Adamo e Lucio vivono beati nella loro ignoranza, finché la curiositas non spinge entrambi ad andare oltre, attraverso la conoscenza delle proprie infinite possibilità. Questo percorso tuttavia non porterà loro alcun beneficio: in particolare Adamo diventerà preda dell’angoscia, stato d’animo su cui sono incentrate le riflessioni condotte dal filosofo danese Søren Aabye Kierkegaard (1813 – 1855) in una delle sue opere più famose, ovvero Il concetto dell’angoscia.

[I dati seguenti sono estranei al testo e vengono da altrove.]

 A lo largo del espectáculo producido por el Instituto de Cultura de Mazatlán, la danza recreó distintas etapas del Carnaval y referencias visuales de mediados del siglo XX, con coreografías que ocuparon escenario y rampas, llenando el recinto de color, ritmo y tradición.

L'angoscia è la condizione generata nell'uomo dal possibile che lo costituisce. Essa è strettamente connessa con il peccato, ed è anzi a fondamento dello stesso peccato originale. Adamo è "innocente" finché resta "ignorante", cioè finché non conosce le proprie infinite possibilità; ma tale ignoranza contiene già in sé l'elemento che determinerà la caduta, e tale elemento non è né calma né riposo, né turbamento né lotta, perché non c'è alcunché da cui riposarsi o contro cui lottare. Non è che un niente; ma è proprio questo niente a generare l'angoscia. A differenza del timore e di altri stati analoghi, che si riferiscono sempre a qualcosa di determinato, l'angoscia non si riferisce a nulla di preciso. Essa è il puro sentimento della possibilità.

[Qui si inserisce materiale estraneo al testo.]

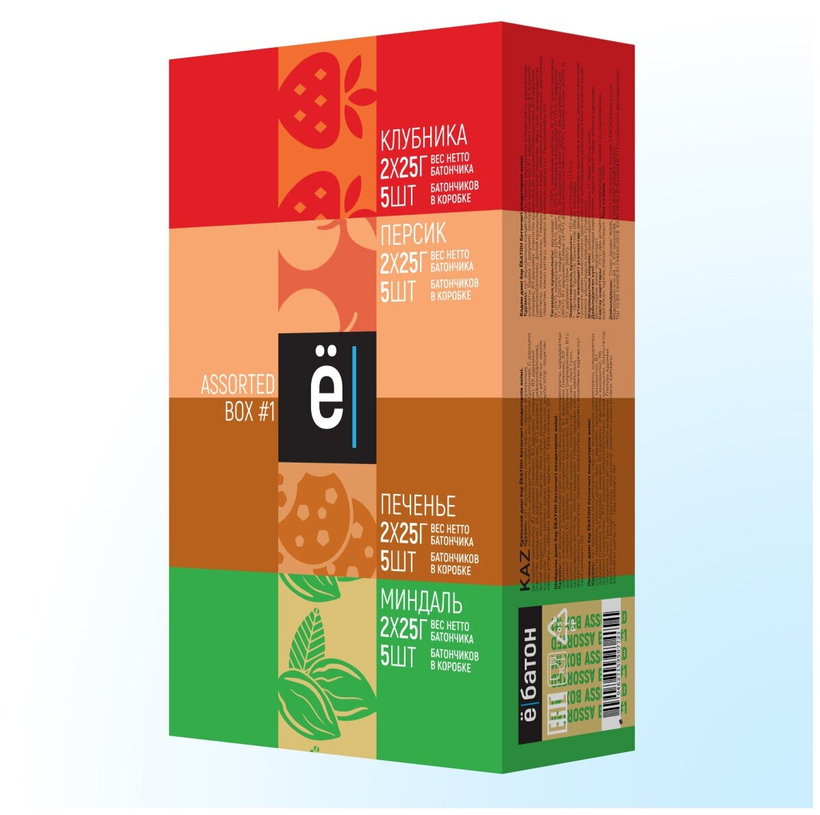 Купить Ассорти №1 Шоу-бокс изделие кондитерское батончик Ёбатон 20% белка, 20шт х 50г (печенье х 5шт., персик х 5шт., миндаль х 5шт., клубника х 5шт.)

“…Il divieto divino rende inquieto Adamo perché sveglia in lui la possibilità della libertà. Ciò che si offriva all'innocenza come il niente dell'angoscia è ora entrato in lui, e qui ancora resta un niente: l'angosciante possibilità di potere. Quanto a ciò che può, egli non ne ha nessun idea, altrimenti sarebbe presupposto ciò che ne segue, cioè la differenza tra il bene ed il male. Non vi è in Adamo che la possibilità di potere, come una forma superiore di ignoranza, come un'espressione superiore di angoscia, giacché in questo grado più alto essa è e non è, egli l'ama e la fugge…”.

(Il concetto dell’angoscia, capitolo 1, paragrafo 5)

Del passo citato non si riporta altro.